Richie White, an MBA student, is collaborating with VirtuSphere’s marketing team through Professor Angelo Mastrangelo’s entrepreneurial project course at BU.

“Right now we’re really honing in on the defense-simulation industry, because spending in that area is up,” White said.

White said the biggest drawback of VirtuSphere is the lack of programs, but he remains optimistic about new applications being developed, such as “Virtual Iraq,” aimed at rehabilitating soldiers with post traumatic stress disorder. Albert Rizzo, a BU alumnus and research professor at the University of Southern California, wrote the program with one of his classes.

Jim DiMascio, chief operating officer of VirtuSphere, said that Ray Latypov started developing the technology in 1995.

“Between 1995 and 2003 he experimented with different prototypes, starting with a treadmill and ending up with the beach-ball look while experimenting with materials like fiberglass and polymer plastics,” DiMascio said.

Ray Latypov arrived in Los Angeles in 2003, convinced the entertainment capital would be an ideal place to start his business, but was advised to travel to Binghamton for a cost-effective location.

However, he didn’t know much about starting a company.

“He came in one day saying he had an idea and asked for a course that would prepare him to start a business,” Mastrangelo said.

Ray Latypov enrolled in Mastrangelo’s entrepreneurship class in 2003, and won $2,500 in seed money to start his company from a business-plan competition judged by investors.

He used the money to fund VirtuSphere’s business model and to open his first office in Washington in 2007, after participating in a human interface technology lab at the University of Washington.
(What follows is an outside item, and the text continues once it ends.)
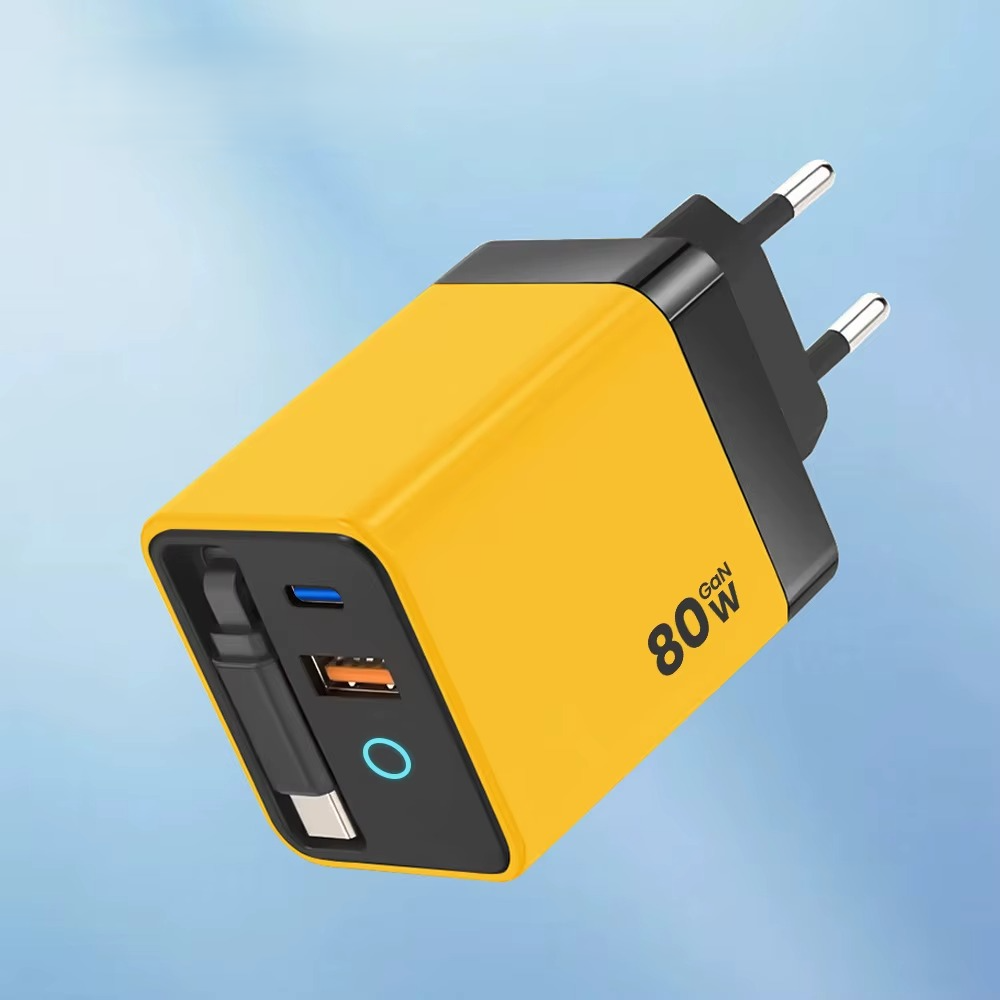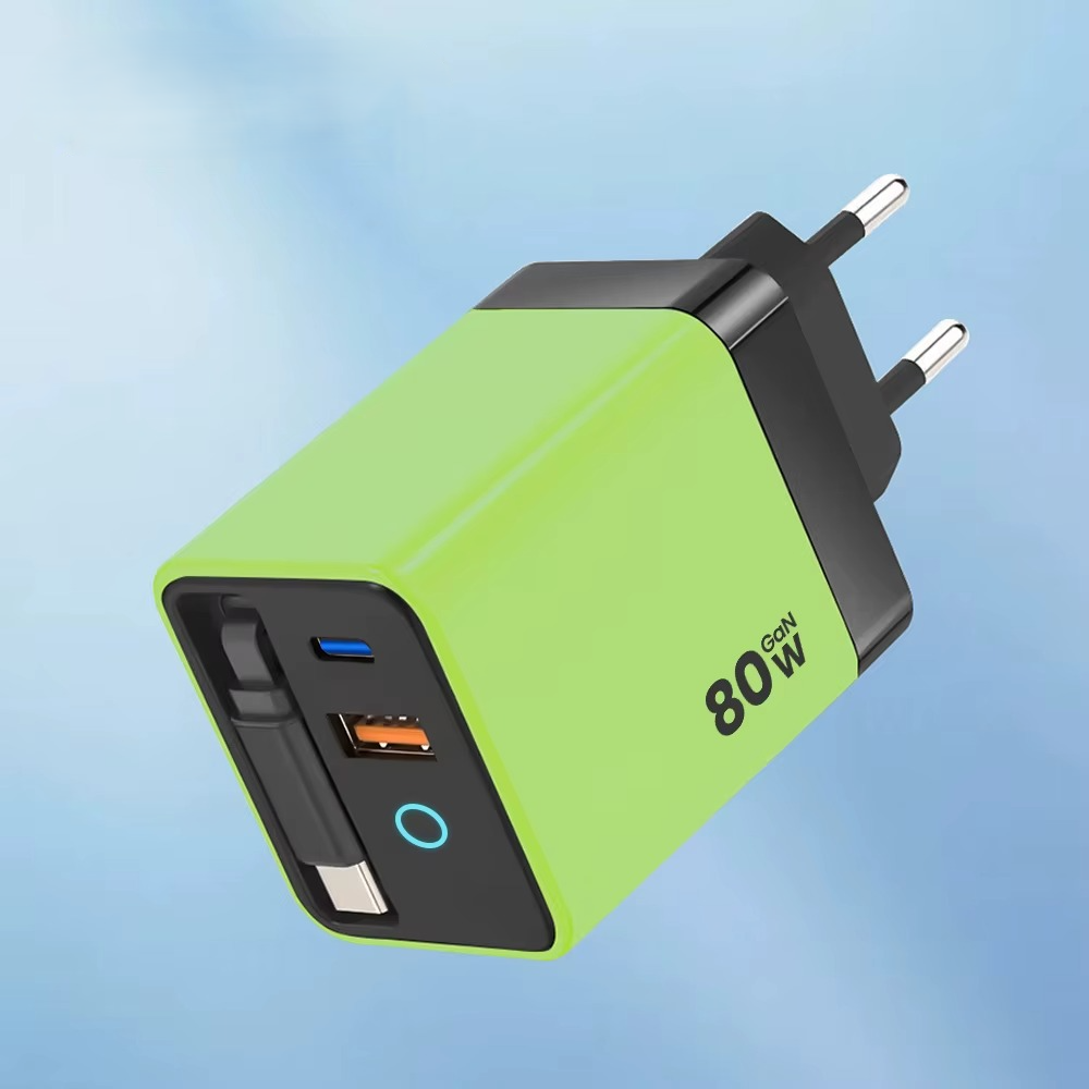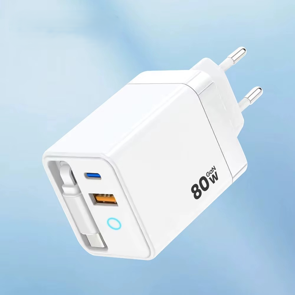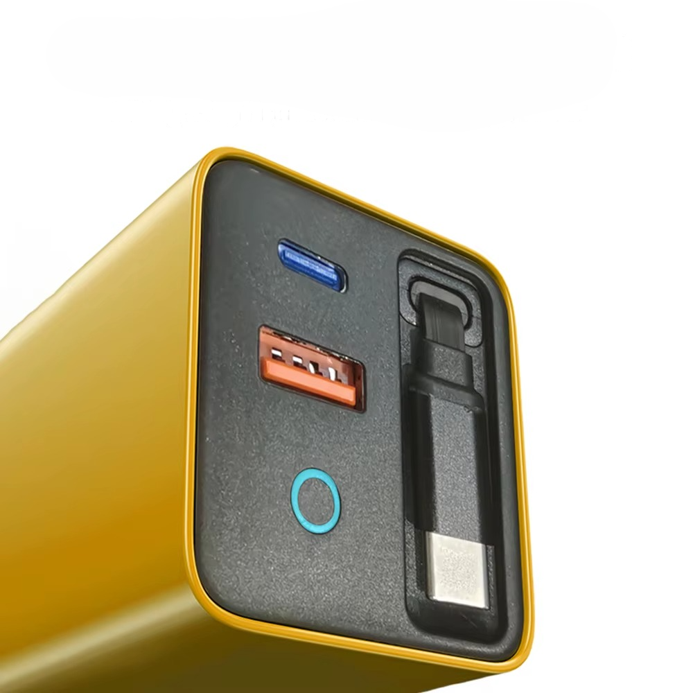 With a built-in 80 cm retractable USB-C cable and two additional USB ports, you can power up three devices at once. No more messy cables or overloaded outlets — just fast, efficient charging whenever you need it.

In 2008, an office was built in the Greater Binghamton Innovation Center on Court Street, where he currently runs his operations.

The company has since gone overseas, with machines in Russia.

As for the future, DiMascio said the company is focused on using VirtuSphere for military, health and entertainment purposes.

“We could have an army general in here today and a Disney representative tomorrow,” he said.